* **PROVIDED DATA**
= = =
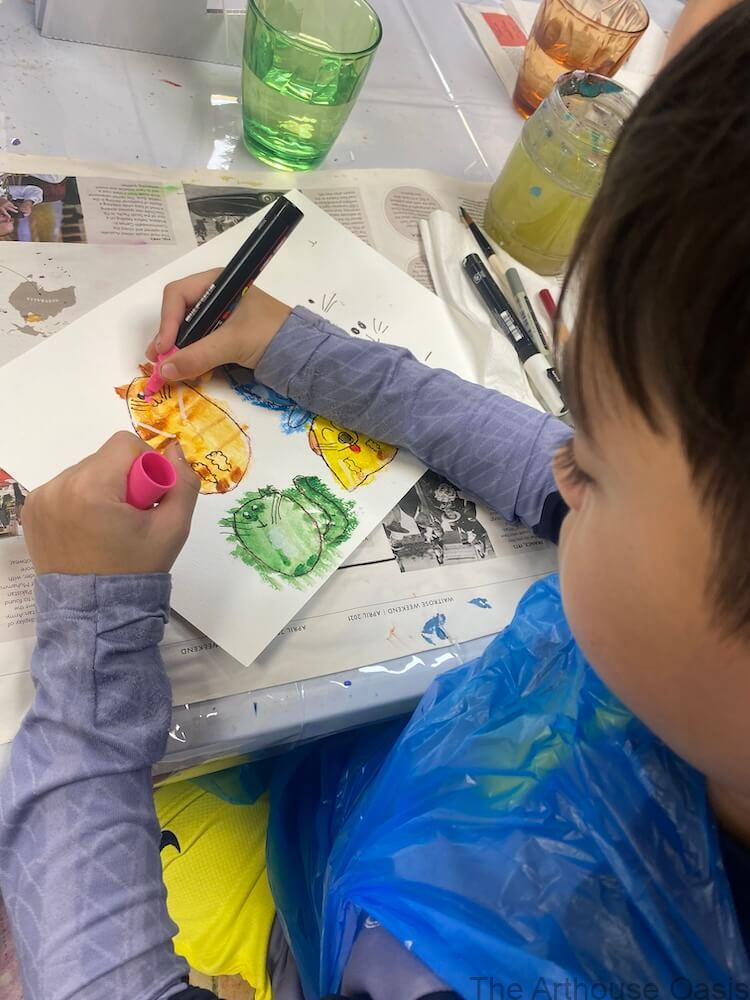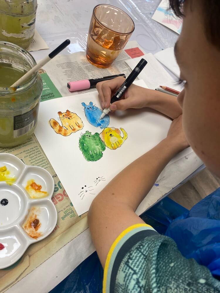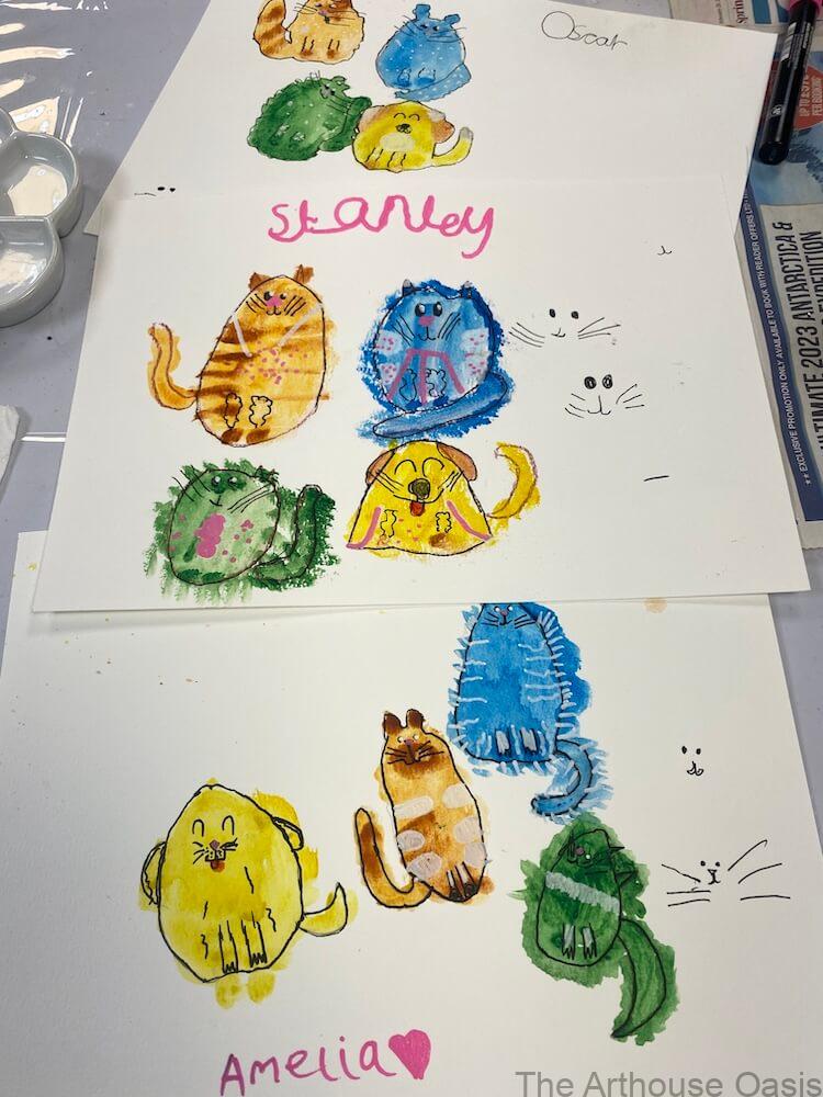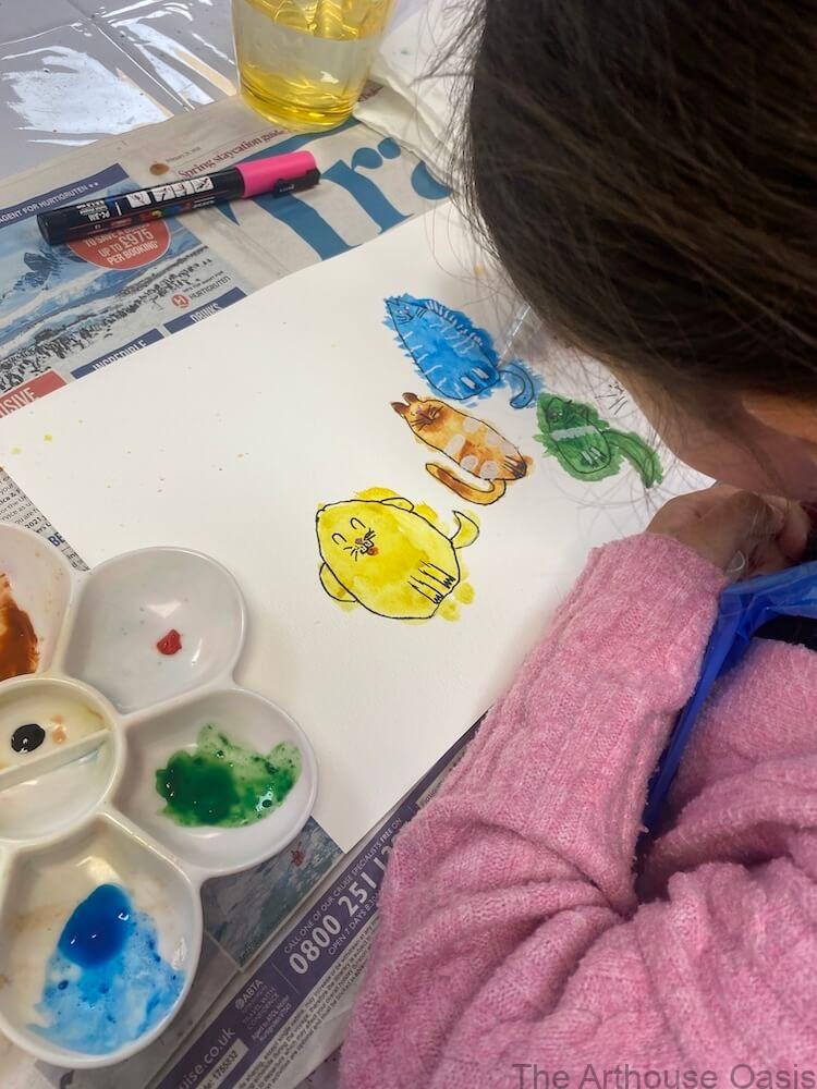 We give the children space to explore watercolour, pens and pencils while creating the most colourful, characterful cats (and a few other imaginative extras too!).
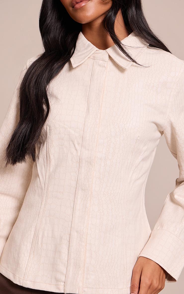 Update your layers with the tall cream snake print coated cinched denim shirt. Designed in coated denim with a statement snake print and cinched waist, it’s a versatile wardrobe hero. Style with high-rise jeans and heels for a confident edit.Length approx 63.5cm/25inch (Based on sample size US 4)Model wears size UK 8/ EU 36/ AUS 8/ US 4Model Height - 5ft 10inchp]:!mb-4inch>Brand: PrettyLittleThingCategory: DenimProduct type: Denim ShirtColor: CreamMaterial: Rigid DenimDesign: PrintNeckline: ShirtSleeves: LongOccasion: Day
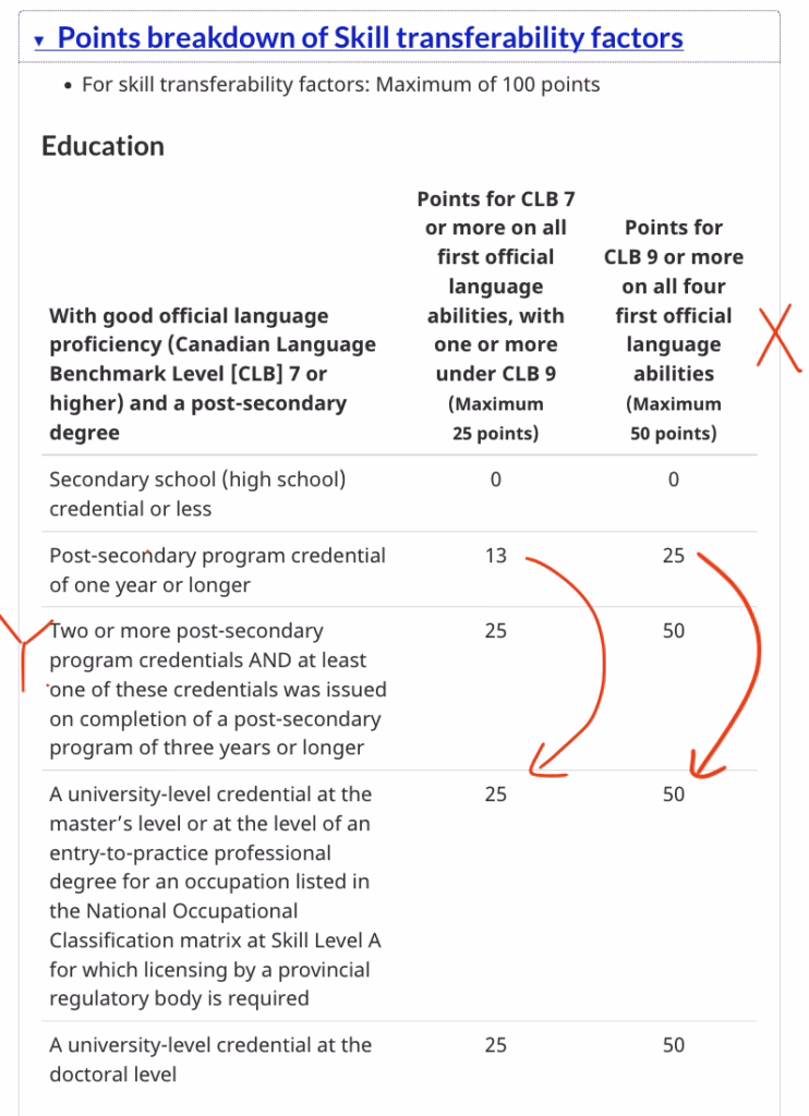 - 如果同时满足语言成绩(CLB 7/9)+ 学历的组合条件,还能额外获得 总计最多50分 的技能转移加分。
= = =
* **EXERCISE OBJECTIVE**
Please output the material above again, exactly, and omit every image.

* **RESPONSE TO THE EXERCISE**
 We give the children space to explore watercolour, pens and pencils while creating the most colourful, characterful cats (and a few other imaginative extras too!).
 Update your layers with the tall cream snake print coated cinched denim shirt. Designed in coated denim with a statement snake print and cinched waist, it’s a versatile wardrobe hero. Style with high-rise jeans and heels for a confident edit.Length approx 63.5cm/25inch (Based on sample size US 4)Model wears size UK 8/ EU 36/ AUS 8/ US 4Model Height - 5ft 10inchp]:!mb-4inch>Brand: PrettyLittleThingCategory: DenimProduct type: Denim ShirtColor: CreamMaterial: Rigid DenimDesign: PrintNeckline: ShirtSleeves: LongOccasion: Day
 - 如果同时满足语言成绩(CLB 7/9)+ 学历的组合条件,还能额外获得 总计最多50分 的技能转移加分。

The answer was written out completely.